A new study of Henry James draws attention to his art and his social life

November 22, 1992|By Eve Ottenberg Stone

HENRY JAMES:

THE IMAGINATION OF GENIUS.

Fred Kaplan.

Morrow.

620 pages. $25.

It is always nice to have a second chance to look at the life of a great writer, but after the publication of Leon Edel's definitive and encyclopedic biography of Henry James, it did not seem that such a chance would be forthcoming in the near future (his biography was five volumes, published over 18 years). Fred Kaplan's new study has contradicted that expectation, however. With its analysis of James' oeuvre, piece by piece, and of the homoerotic nature of some of James' friendships, it provides an interesting, if not always convincing portrait of the master.

This biography is a dizzying round of social engagements; it reads, in fact, like a madly condensed James novel. But that is no defect. It enables Mr. Kaplan to highlight such themes as James' financial struggles, his often overwhelming loneliness and sense of isolation, the conflict between artistic work and social life, his intense relationship with his family and his life in the literary community.

Specifically, it touches on his relations with Browning, Dickens, Tennyson, Thackeray, Hawthorne, Howells, George Eliot, Turgenev, Flaubert, Zola, Matthew Arnold, Kipling, Robert Louis Stevenson, Crane, Conrad, Ford Madox Ford, Henry Adams, Twain, Wharton, Wilde and others. Although two key Jamesian terms, style and point of view, scarcely make their appearance in this book, perhaps Mr. Kaplan thought that would belabor the obvious.

On politics, Mr. Kaplan contradicts James' extremely apolitical image, showing him to have been "a deeply conservative liberal," one who was horrified by imperial expansion and plunder -- be it that of a declining British empire or a rising American one. With the advent of the Spanish-American War, James felt that his native United States had lost its edge of moral superiority.

Literature, he wrote, "goes more than ever to the wall. . . . I am all on the side, now, of the small countries. They are the only honest ones left." James had no use for Teddy Roosevelt, with whom he dined at the White House; found blacks in Charleston, S.C., more interesting than whites, and hoped that the melting pot of New York's Lower East Side would yield a new American language that he called the "Accent of the Future."

One of the strengths of this biography is Mr. Kaplan's depiction of James' miserable failure as a playwright, as well as the fantasies and self-deceptions that kept him going for so long when any other sanely self-protecting writer would have quit. There is also the picture, once James had given up, of his optimism, finding success in failure: "Oh yes -- the weary, woeful time has done something for me, has had . . . an intense little lesson and direction."

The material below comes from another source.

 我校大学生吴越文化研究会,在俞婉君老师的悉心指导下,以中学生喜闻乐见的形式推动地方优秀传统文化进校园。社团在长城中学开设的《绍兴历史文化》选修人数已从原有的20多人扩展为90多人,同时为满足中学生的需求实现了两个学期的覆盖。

The "little lesson," James believed, was good for his fiction. But Mr. Kaplan questions that, lucidly observing that very possibly his fiction might not have been so different without his venture into the theater. It was a fiasco made all the worse by James' conviction that he had to write down to his audience, indeed had to write down to the lowest possible level -- something he had never done with fiction.

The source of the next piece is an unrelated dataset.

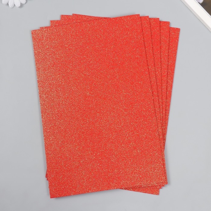 Фоамиран "Красный апельсин блеск" 2 мм формат А4 набор 5 листов
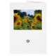 A tall sunflower stands out in a field of beautiful sunflowers. On the back of the card is a photograph of another sunflower.

But then, he was never happy with the theater. Mr. Kaplan cites James' well-known distaste for the concessions he had to make to an audience that demands that the evening's "business be limited by the time between dinner and the suburban train." The play was one literary form in which success eluded him, and Mr. Kaplan shows that how it did so only demonstrated all the more that James was a fiction writer down to the bone.

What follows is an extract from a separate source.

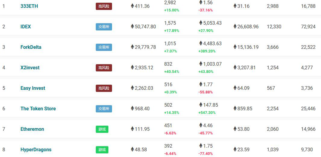 排名靠前的DApp中以游戏和博彩为主,加上高风险和交易所。在以太坊平台上排名前30的DApp中,共有9款游戏和12款高风险类别DApp。排名第一的333ETH即是这一类,根据英文描述,属于一种长期的理财应用,每天的回报率为3.33%。

This biography also has its share of wild anecdotes, such as the case of James' intimate friendship with the writer Constance Woolson, and the moving story of his attempt to get rid of her many black dresses after her suicide.

Mr. Kaplan writes: "For some bizarre reason, he thought that he could best get rid of them by drowning them. 'He threw them in the water and they came up like balloons all around him, and the more he tried to throw them down, they got all this air, the more they came up and he was surrounded by these horrible black balloons.' Again and again 'he tried to beat these horrible black things down and up they came again and he was surrounded by them.' "

Then there are James' peculiarities with regard to food, from his aunt's advising him that probably all his health problems were due to his not knowing that "the skins of grapes are very constipating," to his conversion, later in life, to "Fletcherizing." This, evidently, was a nutritionist philosophy whereby intense mastication of food was regarded as a panacea for all ailments.